## The problem
Set the material down again exactly, line by line, skipping each picture.

## Exercise data
━━━━━━━━━━━━━━━━

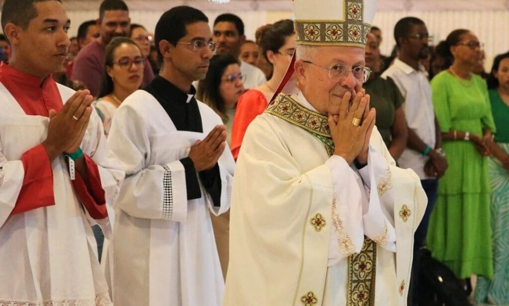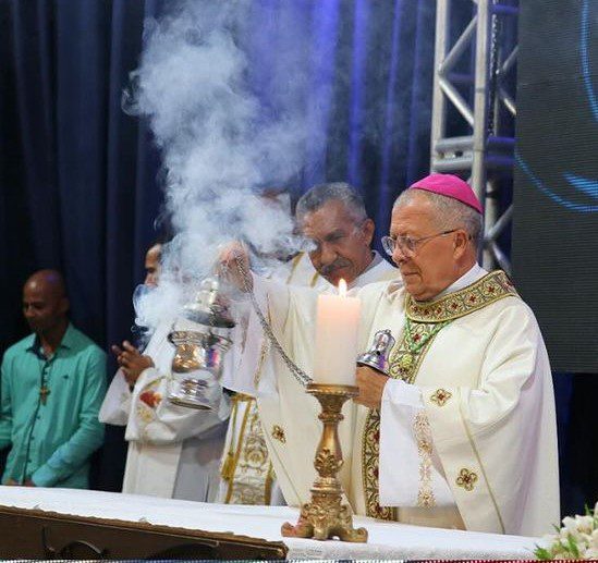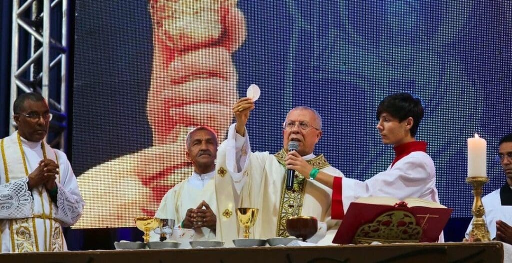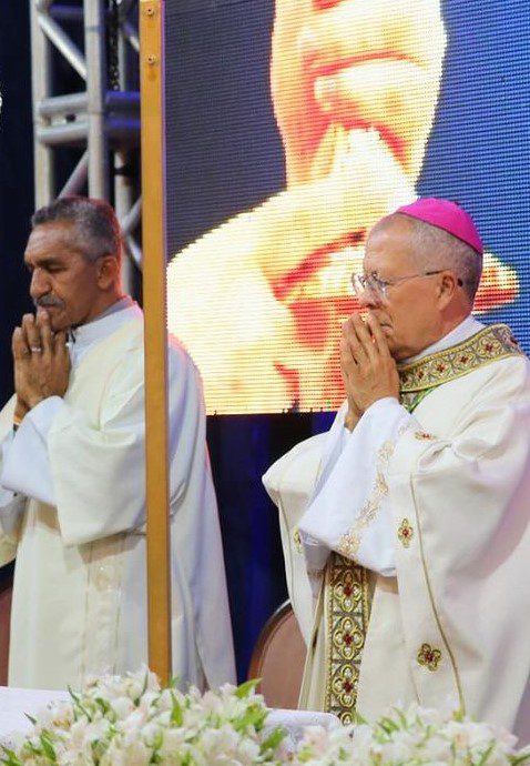 Na Santa Missa de encerramento do Encontro Estadual, o Administrador Apostólico da Arquidiocese de Vitória da Conquista, Dom Josafá, presidiu a celebração e estavam concelebrando o Pe. Nailson Gonçalves, Assessor Eclesiástico da RCC em nossa Arquidiocese, entre muitos outros Presbíteros que vieram das Dioceses vizinhas.
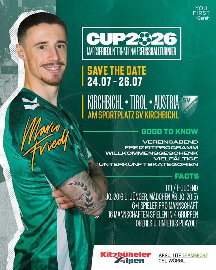 Join us from July 24 to 26, 2026, in Kirchbichl, Tyrol, for the Marco Friedl Cup. An international football highlight amidst the impressive Tyrolean mountains. In this tournament, 16 international teams will compete against each other on excellently maintained grass and artificial turf pitches.
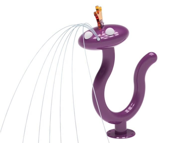 Fünf kraftvolle Wasserstrahlen tanzen in perfekter Choreografie aus dem elegant geschwungenen Edelstahlkörper und laden Kinder und Kleinkinder zu einem spritzigen, interaktiven Wassererlebnis ein.
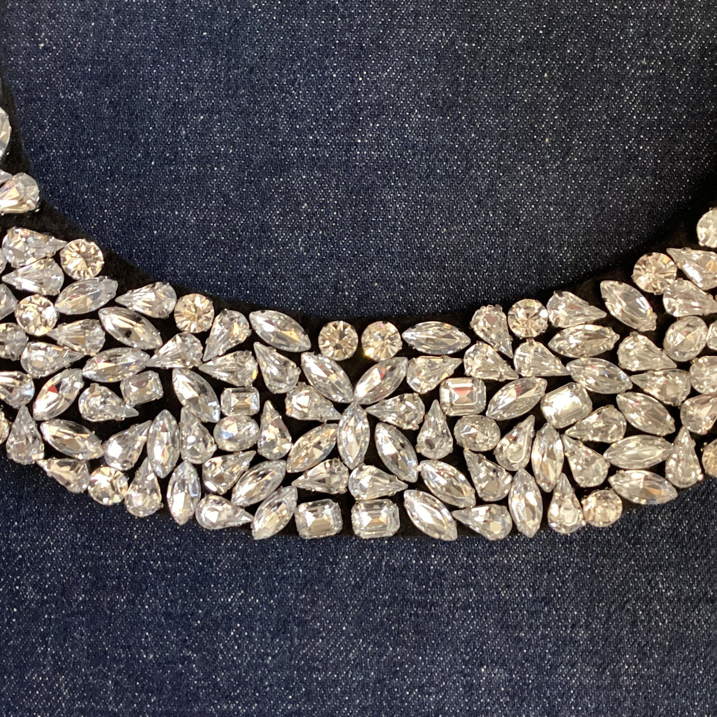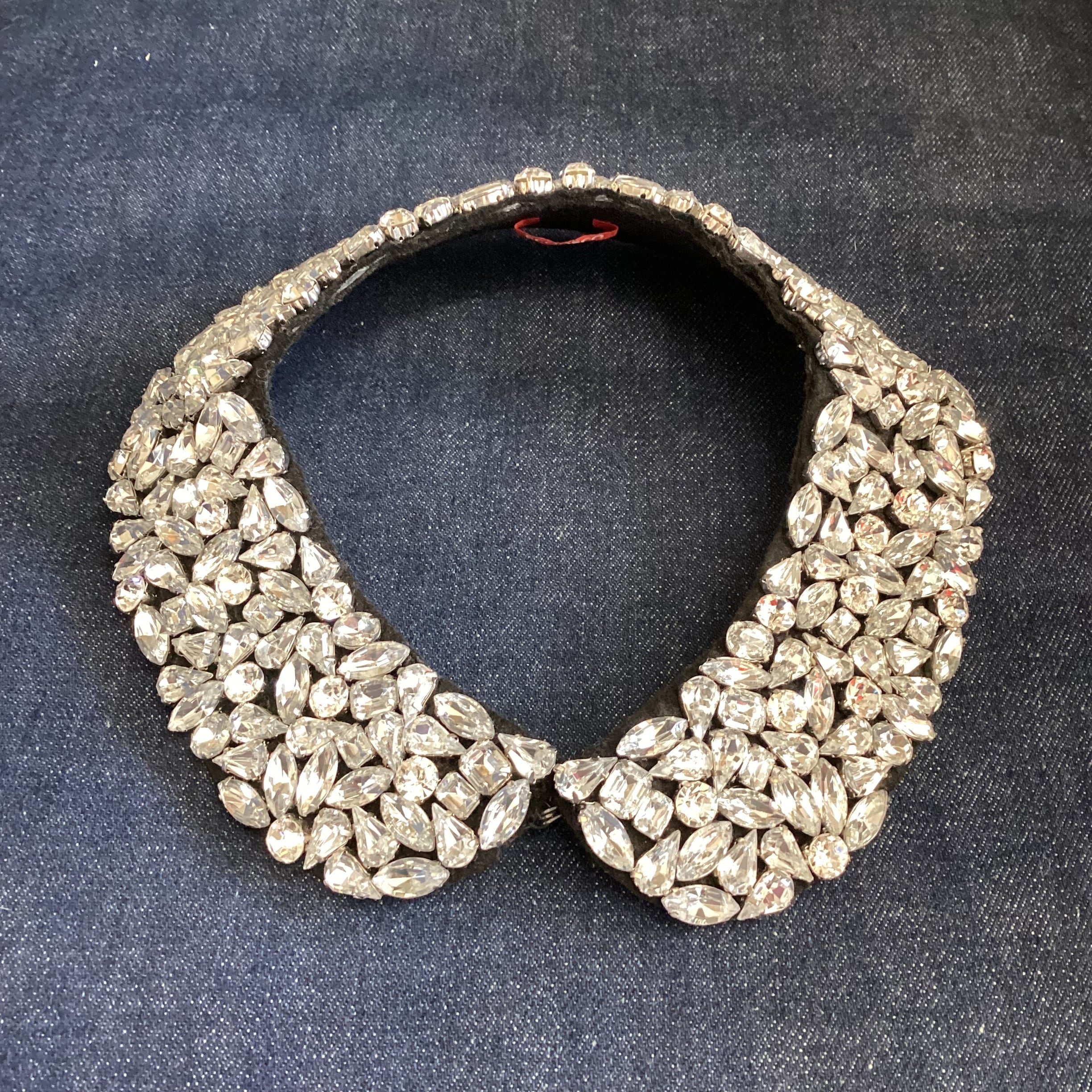 厚手のフェルトを台紙にびっしりとストーンの付いた華やかなつけ襟です。

━━━━━━━━━━━━━━━━

## Result of this exercise
 Na Santa Missa de encerramento do Encontro Estadual, o Administrador Apostólico da Arquidiocese de Vitória da Conquista, Dom Josafá, presidiu a celebração e estavam concelebrando o Pe. Nailson Gonçalves, Assessor Eclesiástico da RCC em nossa Arquidiocese, entre muitos outros Presbíteros que vieram das Dioceses vizinhas.
 Join us from July 24 to 26, 2026, in Kirchbichl, Tyrol, for the Marco Friedl Cup. An international football highlight amidst the impressive Tyrolean mountains. In this tournament, 16 international teams will compete against each other on excellently maintained grass and artificial turf pitches.
 Fünf kraftvolle Wasserstrahlen tanzen in perfekter Choreografie aus dem elegant geschwungenen Edelstahlkörper und laden Kinder und Kleinkinder zu einem spritzigen, interaktiven Wassererlebnis ein.
 厚手のフェルトを台紙にびっしりとストーンの付いた華やかなつけ襟です。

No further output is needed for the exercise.